The film obviously thinks it’s saying something profound about the grand scheme of life and how it works in mysterious ways or some other fortune-cookie bollocks, but it ends up looking so dumb and pretentious when it tries conveying those messages. There are so many monologues by characters that seem to go on for an eternity – there’s a ten-minute scene where Antonio Banderas’s character is relaying his own past to Javier, but it’s dragged out for so long that it feels more like ten hours – and yet you never really get what they’re trying to say, because the writing is so convoluted and hackneyed that it makes very little sense to anyone except the person writing it, who seems to be under the impression that they’re writing the next big revolutionary piece of philosophy. It will also make several of the characters look and sound utterly crazy, like a scene when Olivia Wilde just bursts into Oscar Isaac’s college fraternity and suddenly goes on to explain her thesis on life being the ultimate unreliable narrator, but she sounds like she’s snorted an entire bag of cocaine before entering and comes across as some ditzy weirdo who has no idea what in the hell she’s actually talking about. There are so many scenes like that, where the writing is so self-important and pretentious that its misguided ambition brings itself down several levels, and you’re left with a movie that thinks way too highly of itself and desperately needs to be brought back down to earth.

None of the actors can be faulted for making this movie the dreary experience that it is, as these are some great actors working with such a meagre script and misguided direction, and you can’t fault someone for showing up and doing their job as required. That being said, these actors are giving it their best effort, including industry veterans like Mandy Patinkin and Antonio Banderas, and relative newcomers like Olivia Cooke and Laia Costa, who all do what they can to salvage any of the genuine emotion that’s been lost in this appalling screenplay, and to their credit most of them do pretty well here with what they’re given. But it’s still a case of polishing a turd, and although these actors are really trying they really can’t entirely save some of the most manipulative, convoluted and insanely self-righteous dialogue you could possibly start your New Year off with.

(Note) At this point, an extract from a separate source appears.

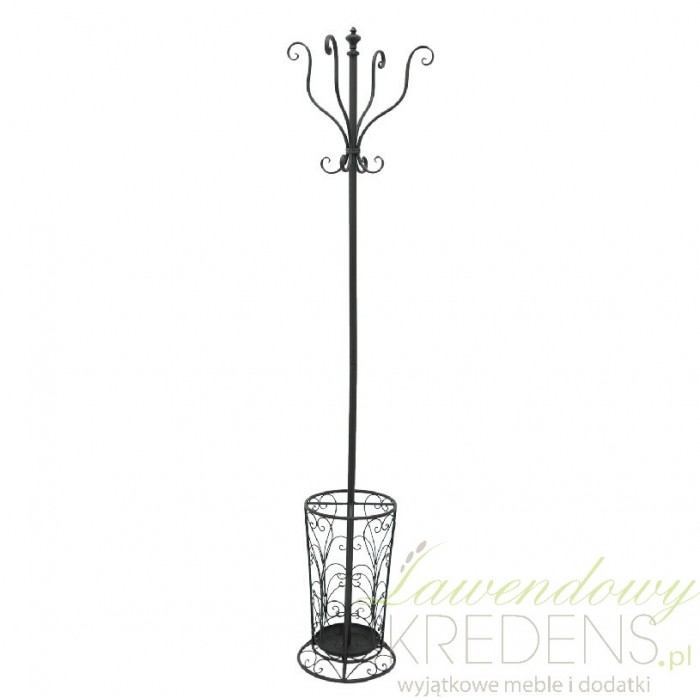 Czarny wieszak podłogowy został wykonany z metalu, a jego francuski urok podkreślają finezyjne wykucia metalowe.

I suppose if you are curious about this film, and have heard so many bad things about it that you want to check it out just to see how bad it really is, I would say go for it, but be aware that this isn’t a case of the movie being so bad it’s good, but more like it’s so bad it’s sometimes amusing but most other times really dull. You are going to be subject to endless monologues containing the most pretentious nonsense about life and all its mysteries, and several stories that go nowhere or are so misguided that they end up doing more harm than good; but if that’s your thing, and you want a film that will confirm all of your fortune-cookie sayings overheard in your local Starbucks, then who am I to judge?

There’s clearly an audience for a film like Life Itself, but that audience seems to be in the minority on this occasion.

SO, TO SUM UP…

Life Itself is a dreary exercise in self-righteous writing and direction by Dan Fogelman who gives his talented cast a script so pretentious and full of itself that it undermines their natural abilities and gives the audience a dull, misguided attempt at melodrama to endure.